Таковыми, по нашему мнению, являются упоминания в нарративах элементов судебной процедуры — Инститорис гораздо более охотно и многословно сообщает о тех случаях, где он может сослаться на показания обвиняемых, полученных в ходе дознания, или описать сцены разбирательства либо казни. Все это работало в качестве прецедента, не просто подтверждающего правоту авторов, но сообщало общественную санкцию по данному вопросу. Подобную ситуацию описывал А.Я. Гуревич на материале песен «Старшей Эдды», которые включали в себя в том числе и фрагменты описания ритуала[424]. Более близким к интересующим нас реалиям является практика Weisung, провозглашения немецкими крестьянами «закона» на сходах под предводительством представителей феодальной администрации, в ходе которых записывались Weistümer, уставы крестьянских общин[425]. Строго говоря, именно публичные процедура или ритуал и были механизмом преодоления мифа в повседневной действительности архаичного общества: признание ведьмой вины на суде означало, что обвинение не является простым наговором или слухом. Соответственно, эти коннотации наследовались сообщением о факте суда — этим и объясняется плохо скрываемое негодование Инститориса в тех случаях, когда, по его мнению, имела место поддержка светской властью стороны обвиняемых, как в случае со сквернословящей в ходе богослужения ведьмой. Другими словами, Malleus Maleficarum, широко использующий прием включения пересказа показаний обвиняемых в злонамеренном колдовстве (maleficia), хорошо иллюстрирует идею семиотики о тексте как транслингвистическом устройстве, фиксирующем в своем пространстве посредством языка практики, которые не могут быть объяснены исключительно его логикой[426].

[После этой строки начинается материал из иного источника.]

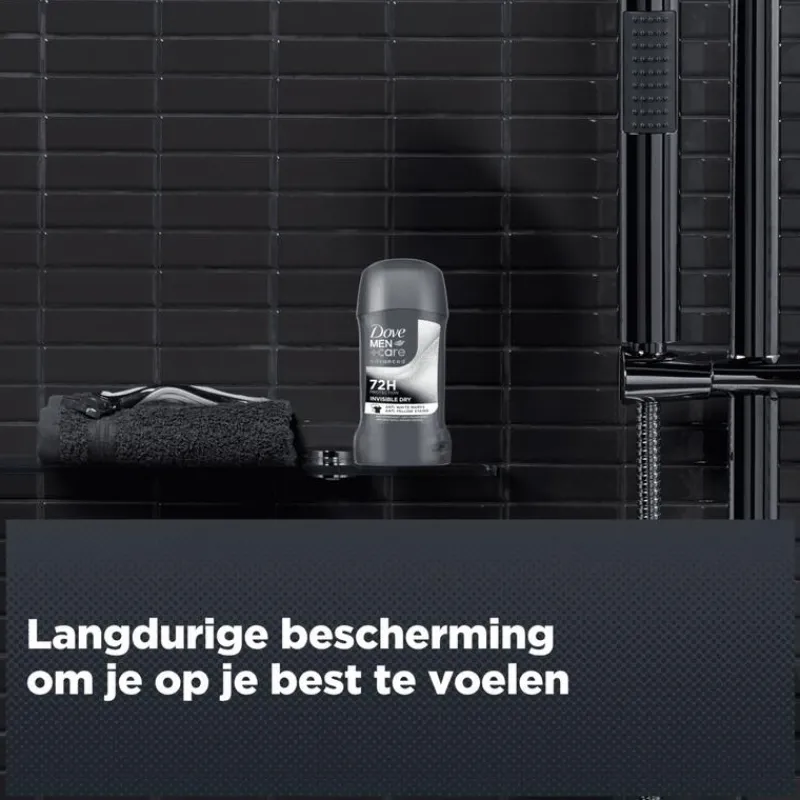 Dove Men+Care Advanced Invisible Dry Anti-Transpirant Deodorant Stick met anti-bacteriële geurbestrijding beschermt tot 72 uur lang tegen zweet en nare geurtjes en heeft een langdurig frisse geur. De milde formule van Dove Men+Care, verzorgt je huid en geeft je de bescherming die je nodig hebt. Verwen jezelf met deze deodorantstick die je 72 uur bescherming biedt tegen geur met de unieke verzorging die je gewend bent van Dove Men+Care. Deze anti-transpirant beschermt zowel je oksels als je kleding en is onzichtbaar bewezen op zwart en wit en is dus de perfecte oplossing tegen witte strepen en gele vlekken in je kleding.
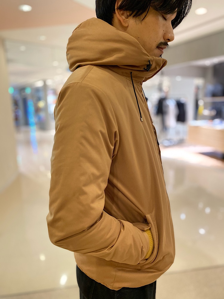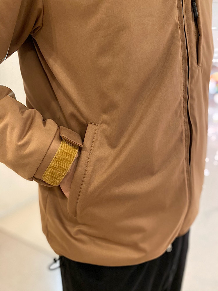 着心地:膨らみ過ぎない中綿入りで冬も過ごして頂ける温かさと軽い着心地が魅力です。
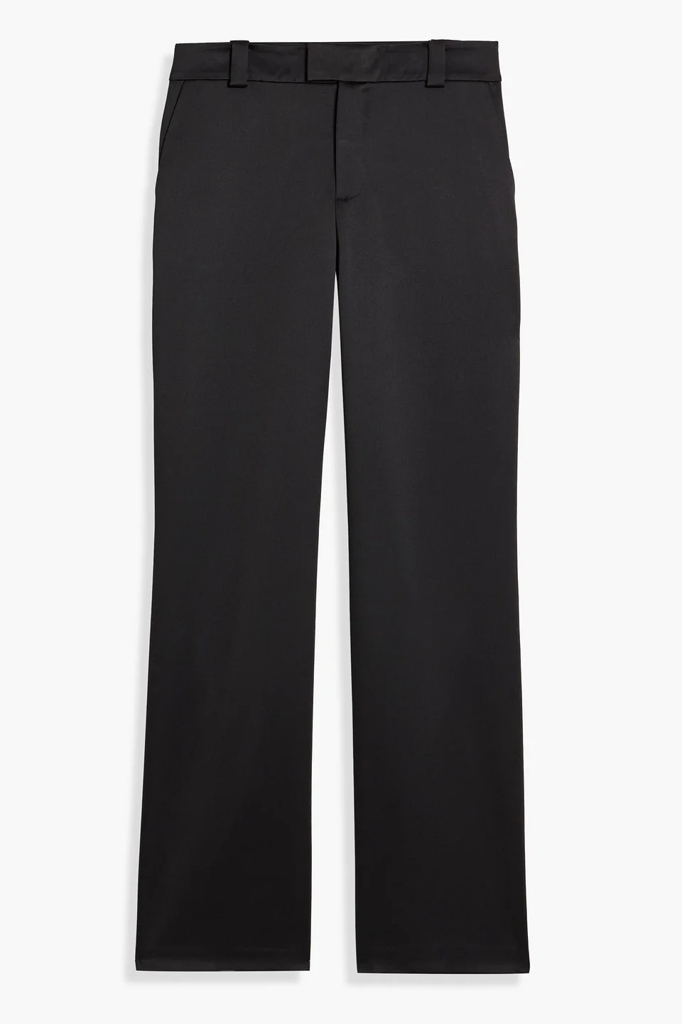 Flared pants satin front slant pockets back welt pockets belt loops high-rise cut concealed hook, button and zip fastening at front mid-weight, non-stretchy fabric dry clean imported 100% Polyester Product Code 46376663163006854
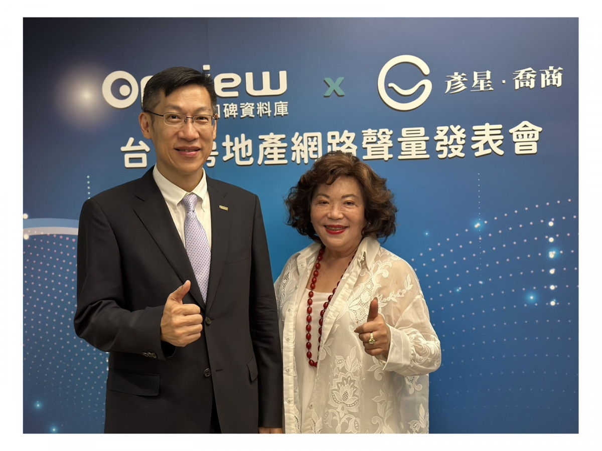 彥星.喬商廣告傳播事業群董事長劉安立(圖右)則表示,雖然輿情聲量跟市場買賣數據同步有下降的走勢,但下降幅度相對溫和,顯示大多數買方因銀行貸款成數受限而採取觀望的心態,進入冷靜期但未見熄火。
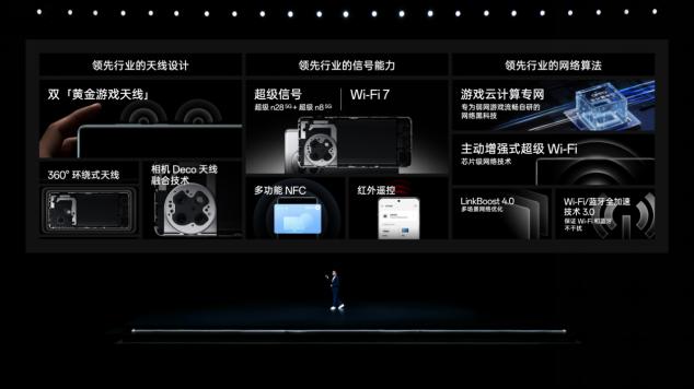 網絡方面,一加 Ace 2 Pro 在腰部新增了雙黃金游戲天線,手機無論怎么握持,都能保持超強的信號連接。同時,一加Ace 2 Pro 借助一加自研“低頻天線小型化技術”, 將鏡頭模組區域做成天線,天線能力得到了大幅提升。在行業最常用的N28和N8頻段,一加 Ace 2 Pro 將此前的 2 條天線升級為了 4 條,實現了「超級 N28/N8 5G 信號」,帶來更快、更穩定的 5G 網絡體驗。一加 Ace 2 Pro 還全面接入了 Wi-Fi 7 協議,通過多重網絡技術專項優化,帶來更高速、更穩定、更低延遲和更廣覆蓋范圍的 Wi-Fi 使用體驗。在此基礎上,一加 Ace 2 Pro 同樣支持“主動增強式超級 Wi-Fi”、“LinkBoost 4.0”、“游戲云計算專網”等多項網絡技術,在各類場景內都能為用戶帶來快速、穩定的網絡使用體驗。
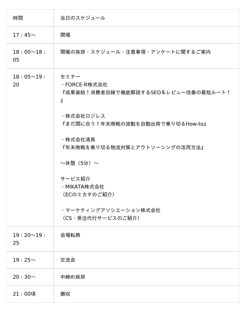 ECサイトの運営代行サービスを提供しているマーケティングアソシエーション株式会社(本社:東京都台東区 代表取締役:中園広和、以下当社)は、2025年10月29日(木)にリアルイベント「【第11回 EC事業者交流会】~年末商戦・繁忙期を勝ち抜け!~ EC事業者限定! プロと直接相談できる交流会」を、FORCE-R株式会社、株式会社ロジレス、株式会社清長、MIKATA株式会社と共催いたします。
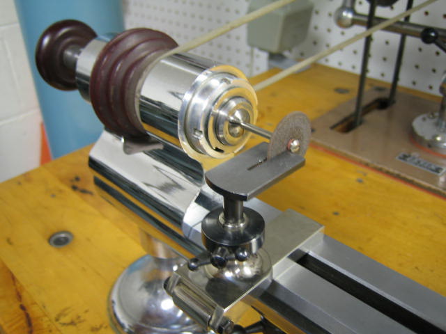 The wheel is driven in the watchmaker's lathe at fairly high speed. The part and template are supported on a saw table. The table should be precisely on-center and the slot should closely fit the wheel. For fine work, I attach a fresh sheet metal plate to the saw table and saw a new slot using the wheel.
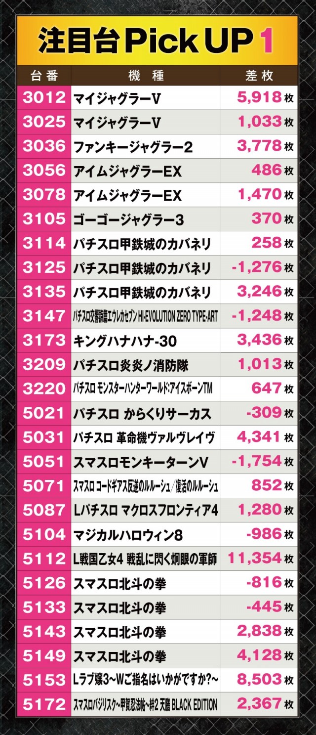 そのほかにも今回のブラックエンジェルス降臨では、様々な場所で好調台の活躍を確認することができた。次回開催時にはこれらを参考に、是非チャンスを掴んでくれ!
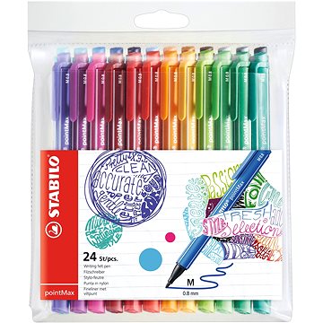Linery STABILO point Max, 24 ks, puzdro:Zásadné prednosti produktu STABILO point Max puzdro 24 fariebLinery STABILO sú písacou aj výtvarnou pomôckouIdeálna k rôznym druhom tvoreniaMožno ich využiť na papierTrojhranný tvar príjemne padne do rukyTyp farby: atramentováMajú okrúhly tvar hrotu, ktorý zanecháva stopu širokú 0,8 mmVďaka svojmu tenkému hrotu nachádza uplatnenie najmä pri rysovaní a obkresľovaní šablón Medzi ich výhody patrí rýchle schnutieLinery STABILO sú ideálne od 6 rokovV balení je obsiahnutých 24 kusovFarba linerov STABILO: modrá, zelená, čierna, červená, žltá, hnedá, oranžová, fialová, ružová, tyrkysová, sivá a béžová
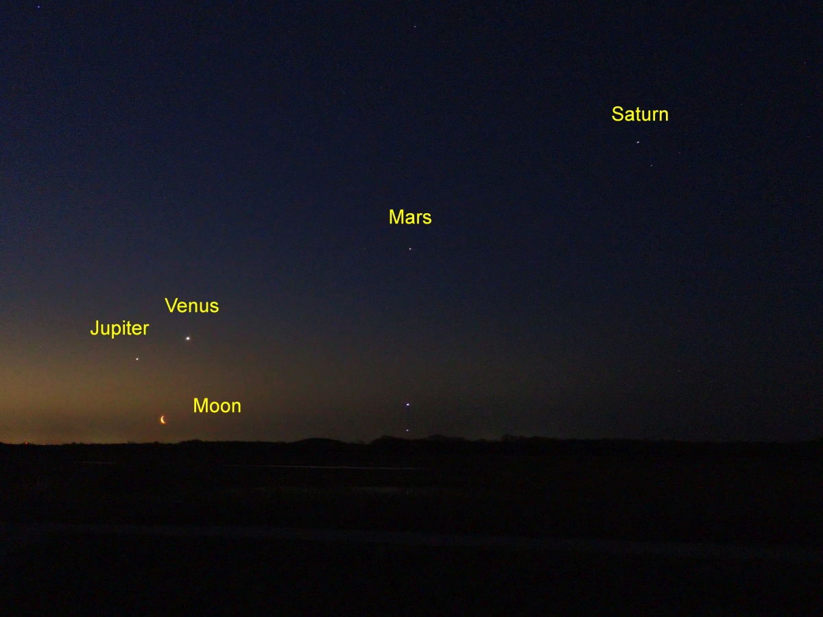 Morning alignment of Jupiter, Venus, Waning Crescent Moon, Mars, and Saturn. Olympus TG-6 Digital camera, ASA 100, 2.5 second exposure.

4.2. Парадоксы традиции: магические путешествия и превращения

«Перед лицом непререкаемого авторитета канонического права авторы не могли отрицать того факта, что некоторые ведьмы переносятся только «в воображении». Они просто заявляли, тем не менее, что никто не может прийти к заключению, что все ведьмы переносятся этим способом».[427]

Брайан П. ЛЕВАК «Охота на ведьм в Европе раннего Нового времени»

Opus sermonum указывает в числе прочих преступлений ведьм то, что они «превращают людей в образы животных» (in bestiales formas hominem transmutant). Далее следует упоминание колдовских полетов: «Во снах мчатся через многие пространства земные, как гласит глава [канона] Episcopi 26, вопрос 5; а также часто телесно и не во снах они мчатся, как летал по воздуху Симон маг и многие некроманты часто бывают переносимы [демонами]» (я считаю возможным опустить здесь латинский текст, поскольку приводил его ранее в Главе 2.2).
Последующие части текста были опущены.